Acusaron que el Tribunal de alzada no cumplió a cabalidad su deber de fundamentar y motivar, pues aparentemente circunscribe su decisión a los puntos resueltos por el inferior y que fueron objeto de apelación, empero no existe una exposición propia de las razones por las cuales el Juez A quo hubiera apreciado y valorado los elementos probatorios conforme a las reglas de la sana crítica y prudente criterio, ya que lo expuesto en el Auto de Vista es ambiguo y general.

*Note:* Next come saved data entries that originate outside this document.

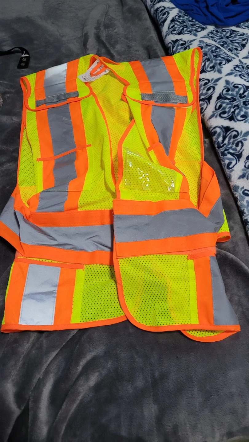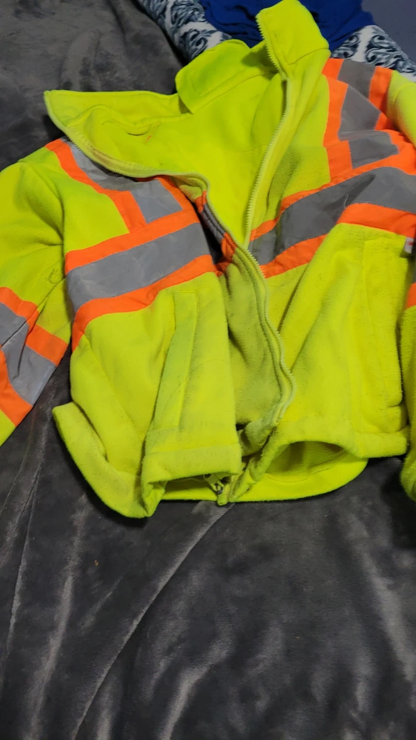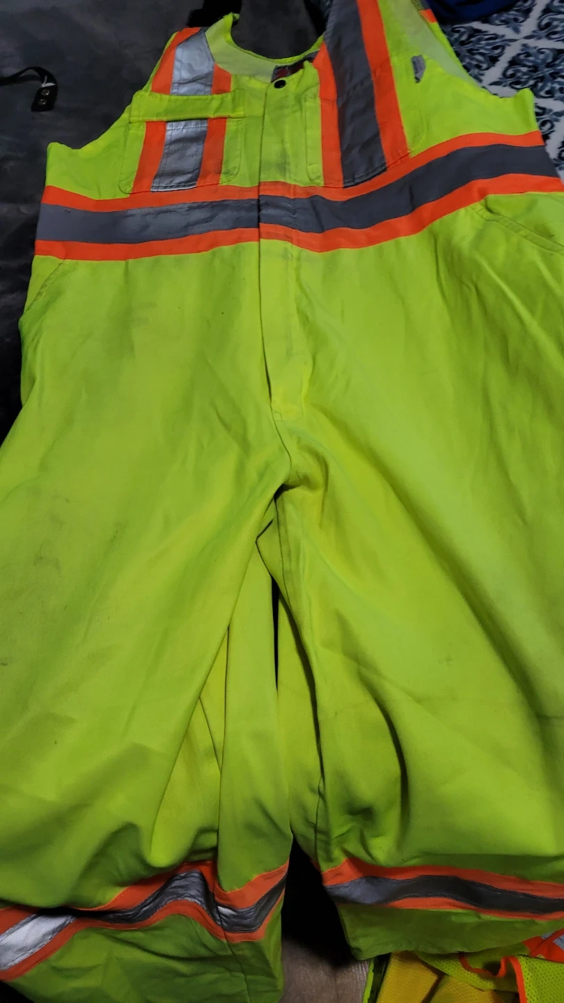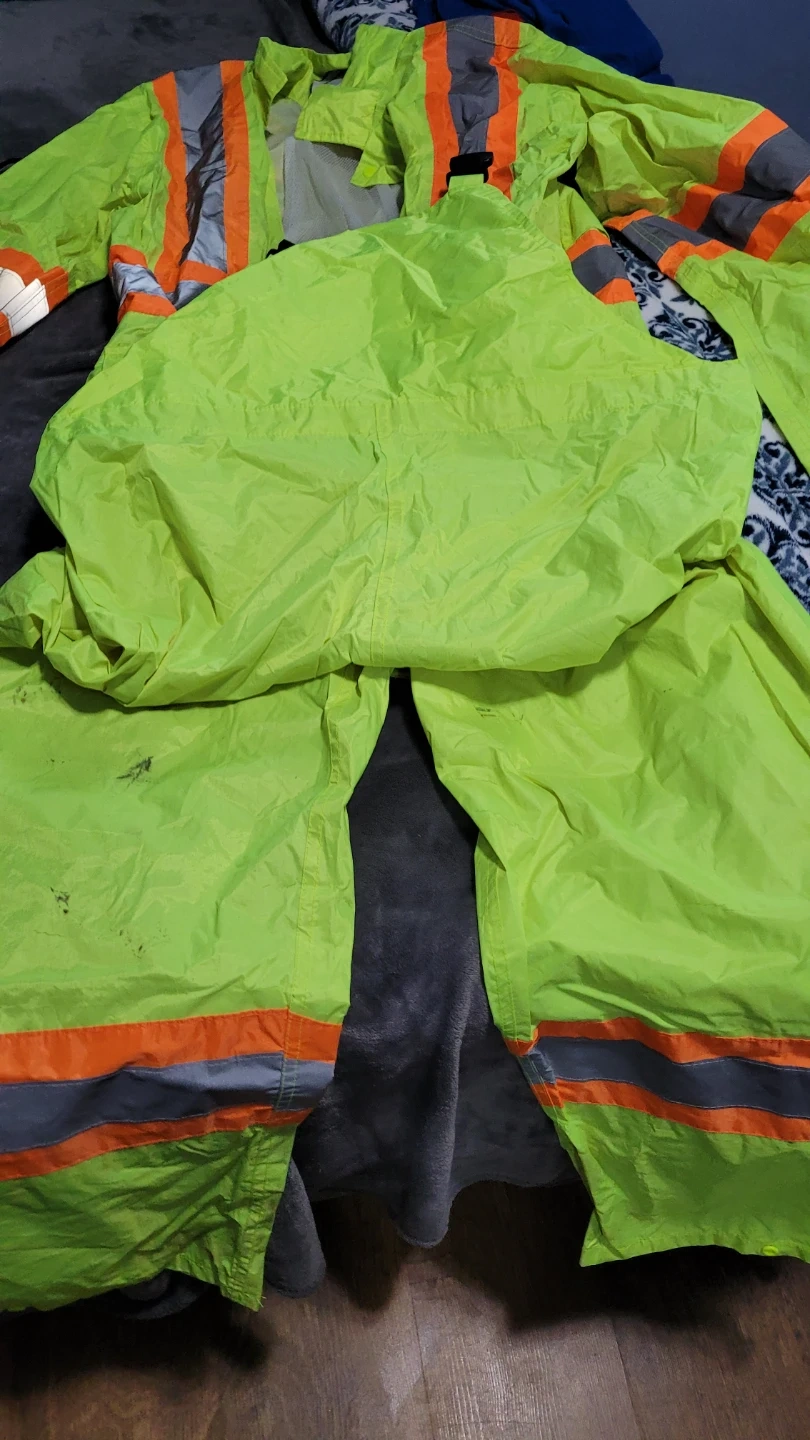 This bundle includes high-visibility work bibs, a safety vest with pockets, and a fleece-lined jacket. All pieces are designed for safety with reflective strips. The bibs and jacket are a bright lime green, while the vest is lime green and orange. There's also rain geart Overalls and jacket. Good condition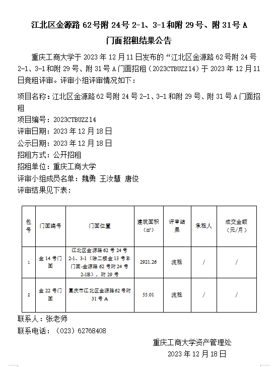 江北区金源路62号附24号2-1、3-1和附29号、附31号A 门面招租结果公告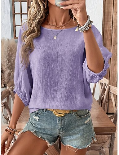 Mulheres Camiseta T-shirt Tecido Moda à moda Clássico Manga 3/4 Manga lanterna Decote Canoa Tops regulares Diário Para Noite Final de semana Branco Amarelo Roxo Damasco Verão Primavera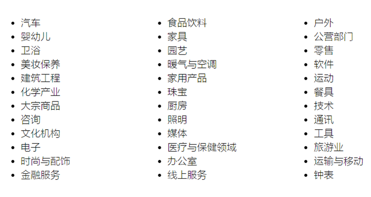 公司企業可為其整體品牌傳播報名參加“品牌”門類中 36 個行業類別之比賽:
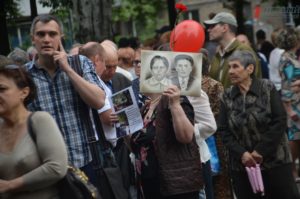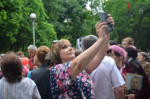 Второй год подряд в Запорожье на 9 мая активисты для того, чтобы помешать организатору шествия Андрею Иванову, используют таблички с изображением героев из различных фильмов и сатирическими подписями на «Бессмертный полк».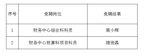 根据公司《关于集团公司财务中心增补管理人员内部竞聘的通知》(皖mansion88明升人[2017]98号)文件相关规定,经公司内部竞聘领导小组资审及面试,现将各岗位竞聘结果予以公示,如对本次竞聘工作有异议,请在公示期内与公司人力资源部联系。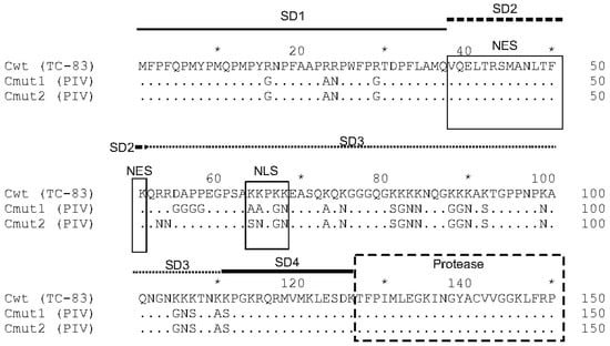 Comparison of the wild-type capsid protein (from VEEV TC-83) and two mutant variants incapable of RNA packaging. Only the first 150 a.a. of the capsid protein are shown. TC-83, wild type. Cmut1, mutant variant having substitutions in the N-terminal part (RNA-binding domain), which reduces the RNA binding. Positively charged residues are replaced with neutral-charge residues. Cmut2, mutant variant with a different set of substitutions. Subdomains in the N-terminal part of the protein are shown (SD1-SD4) in accordance with []. Nuclear export signal (NES), nuclear localization signal (NLS) and the connecting peptide are involved in the cytopathic action of the wild-type capsid protein (labeled). Identical residues are depicted as dots. Stars indicate the a.a. numbered at every 10 residues. Numbering of residues is given above Cwt line.

Sostuvieron que la sentencia que fue confirmada por el Tribunal de alzada es contradictoria entre la parte considerativa y dispositiva porque al ser la fracción objeto de litis 121,28 m2 que forma parte de una superficie mayor, se entiende que es del lote de 2.165,58 m2 de la demandante, no pudiendo afectar y menos disgregar esa superficie de los 521,28 m2 de titularidad de los recurrentes, situación que vulnera el art. 213 del Código Procesal Civil, incongruencia que al afectar el fondo de la litis hace nula la Sentencia y Auto de Vista, sanción que debe aplicarse aun de oficio.

Denunciaron que el Tribunal Ad quem, incurrió en defectuosa y errónea valoración integral de la prueba porque la decisión asumida no es la correcta ni obedece a la legalidad, puesto que la correcta valoración de la prueba permite tener constancia que la demandada reconvencionista no demostró los hechos constitutivos de su pretensión, como tampoco acreditó con certeza la calidad de poseedora de la fracción que pretende usucapir; al contrario, los recurrentes con la prueba que presentaron refutaron la pretensión reconvenida.

Refirieron que no existe prueba idónea que acredite que María Candelaria Pardo adquirió en calidad de venta la fracción de 121,28 m2 para anexarlo al inmueble principal que adquirió de Teófila Siles Vidal y así tener acceso a la avenida Petrolera.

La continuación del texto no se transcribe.